The persistence of measurable residual disease (MRD) is a strong indicator for adverse outcomes in acute myeloid leukemia (AML) and has been shown to be a valid surrogate marker for disease-free survival and overall survival, irrespective of patients' age, AML subtype, sample type, time of MRD assessment and MRD detection method (Short et al., 2020). Other hematopoietic malignancies such as B- and plasma cell lineages also benefit from MRD diagnostic assays (Chen et al., 2023; Gao et al., 2023; McMillan et al., 2023; Zhou et al., 2023). In a study by Wang et al. (2023) their experience working under CLSI HL62 guidelines and FDA IDE (investigational device exemption) approval in the validation of a 12-color AML MRD flow cytometry MRD assay is shared, including the details of panel design, analysis and interpretation.
Prior to their recent cytometer upgrade to 12-marker capacity permitting more expansive testing, these investigators utilized an eight-marker AML MRD test designed to discriminate between normal and abnormal myelomonocytic precursors using analytical approaches combining the detection of leukemia-associated immunophenotypes (LAIP) and/or the identification of deviation from normal (DfN) methods. The eight-color assay was cross correlated with molecular testing, clinical outcomes, and resulted in multiple publications (Ouyang et al., 2015, 2016; Xu et al., 2017).

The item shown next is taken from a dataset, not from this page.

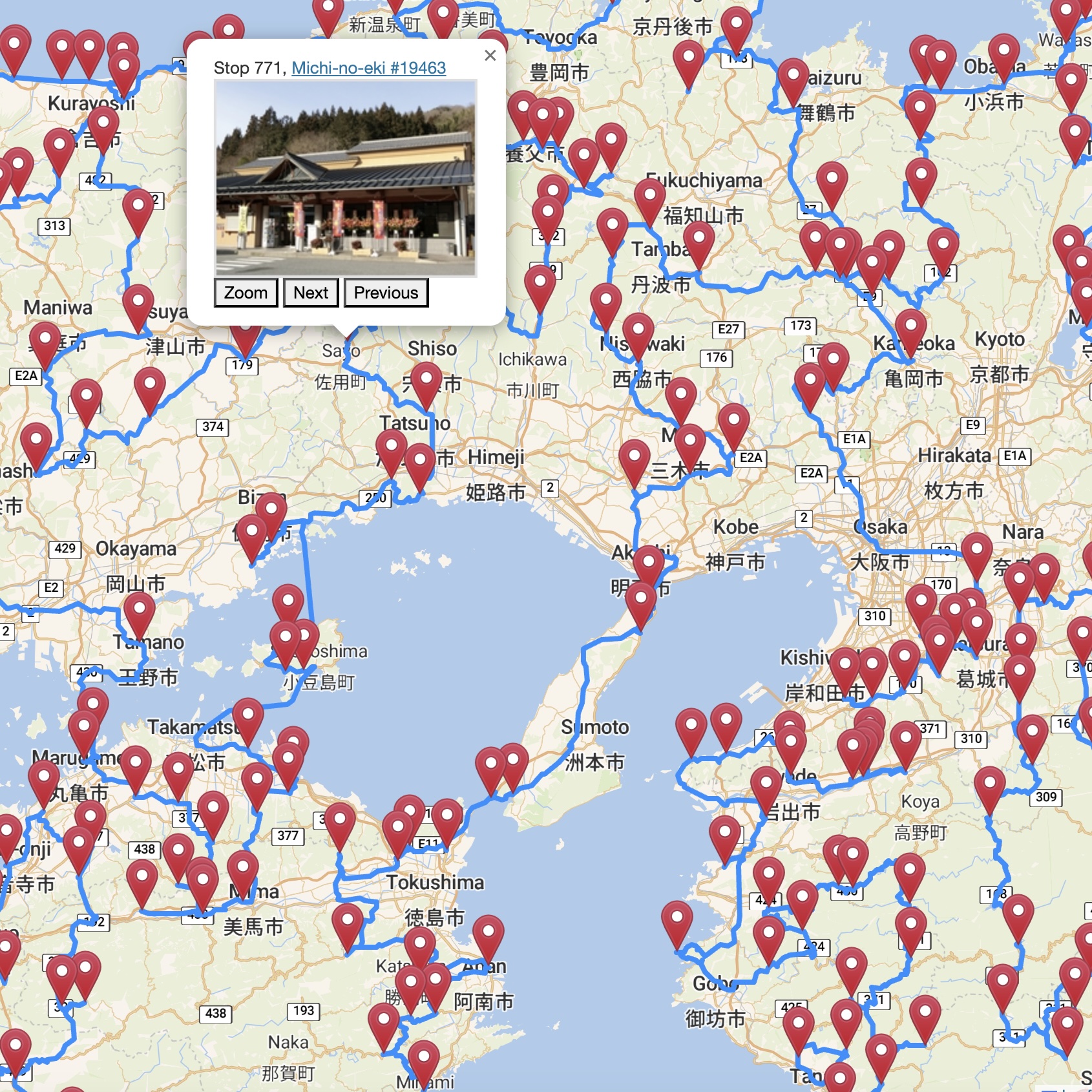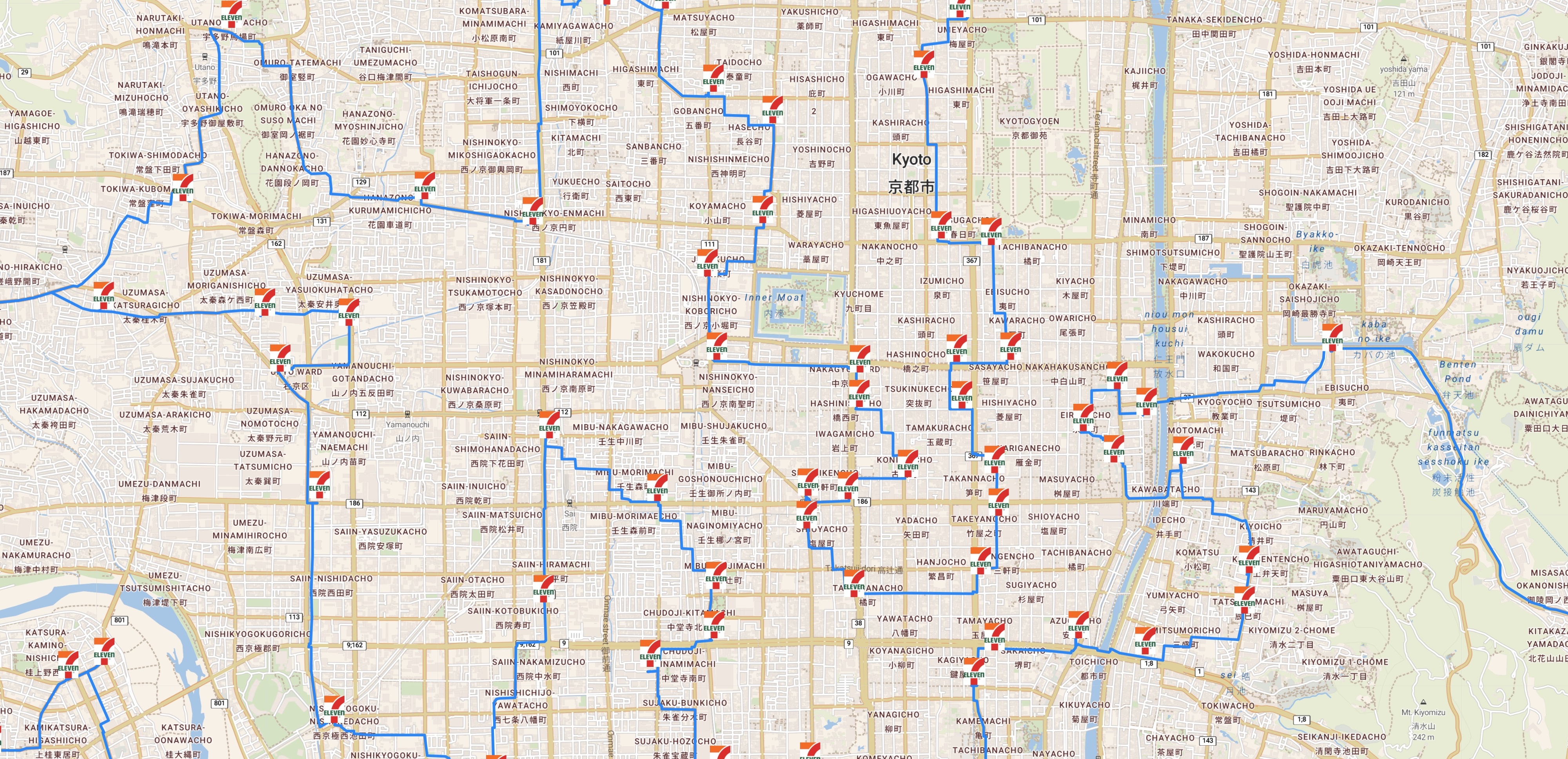 The Map button will bring up an interactive map-drawing of the tour, allowing you to pan and zoom. But note that there may be considerable lag when you navigate the large 7-Eleven, FamilyMart, and Lawson tours. For these you may want to use the Lite button for a simpler map drawing, where stops are indicated by cirles. The Lite maps should load more easily than the full maps.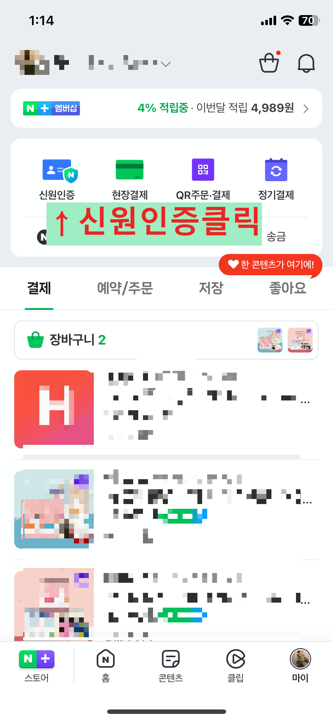 - 네이버 앱 실행 → 우측 하단 프로필 아이콘 클릭

In the current study, the assay accuracy was assessed by testing known positive and negative samples and correlating with the results of molecular genetic testing and follow-up bone marrow examination. The limit of detection (LOD) and limit of quantification (LOQ) were validated to a level between 0.01% and 0.1%, dependent on the numbers of cells evaluated and the degree of deviation from normal phenotypes. Assay linearity, precision and carry over studies were found to be acceptable. The clinical validity of the assay was tested in 61 patients in order that “trueness” could be determined by correlating with concurrent molecular genetic testing and or follow-up bone marrow examination results; the clinical test concordance was 93%, specificity 98% and sensitivity 83%. Ultimately, the most challenging aspects of the assay involved discerning differences between pre-leukemic cells (persistent clonal hematopoiesis) or underlying myelodysplastic clones from AML MRD with immunophenotypic switch or subclone selection, highlighting the need for further characterization of abnormal blasts bearing the potential for relapse.
Processing as many monoclonal antibodies as possible in one staining tube in the clinical flow cytometry laboratory has been an on-going aspiration over my entire professional career. It is not as much of the “flow-geek” in me that wants such capacity but rather my contention that such practice clearly provides better medical care to our patients. This is especially true in the diagnosis of hematologic malignancies, where I contend that the tumors “…do not read the same books and journals” that we do related to linage markers, but rather do whatever they can to obfuscate their lineages and confuse us with their “unfaithful” antigenic co-expressions. The more markers we can apply to such malignancies, along with built in internal positive and negative controls (provided by comingling normal cells), the better diagnosticians we become. These are not the only advantages of minimizing the number of staining tubes, in that when samples are pauci-cellular, more diagnostic information also becomes further available utilizing the least number of tubes or wells cells are processed in. The more analytic power the clinical flow cytometry laboratory can harness, the more flexibility we can offer and better questions we can ask such as those described just above related to MRD as well as so many other areas (Estevam et al., 2021; Quirós-Caso et al., 2022; Shameli & Roshan, 2022; Sanjabi & Lear, 2021). Such hardware, reagents and software already exists in our research flow cytometry laboratories; we are all left waiting for these to move fully into the clinical realm, and to see advances in this area brings us all closer to far better laboratory practice.
In the submission of Hammerich et al. (2023), we learn of the application of a three-laser spectral flow cytometer demonstrating the analysis of a 31-marker clinically oriented testing panel. The standard 3-laser Aurora utilized by this group resolved 31 fluorochromes excited off a 405, 488, and 640 nm lasers. All fluorochromes and titrated antibodies used in the study were commercially available simplifying modification of the panel and facilitating replacement of markers of interest with others that might be more appropriate. In fact since not all detectors were utilized in this study, it is possible to hypothesize that in the future a few more conjugated antibodies might possibly expand the breadth of this platform's analytic capacity. In conclusion, I find this to be a great moment in clinical flow diagnostics… except of course that I want at least one if not two- to -three more lasers in the instrument than those discussed in this article .
It is my privilege and honor to usher into our Journal a new type of peer-reviewed submission we refer to as the “Best Practice” category. While presently new to our Journal pages, in past years such informative pieces in the form of numbered Modules have been available to the clinical flow laboratory community, originating from our own ICCS Quality and Standards Committee. The current submission from Devitt et al. (2023) underscores the importance of flow cytometric assay validation which provides confidence that such assays yield reliable results that can be trusted by clinical caregivers in their determining critical medical decisions.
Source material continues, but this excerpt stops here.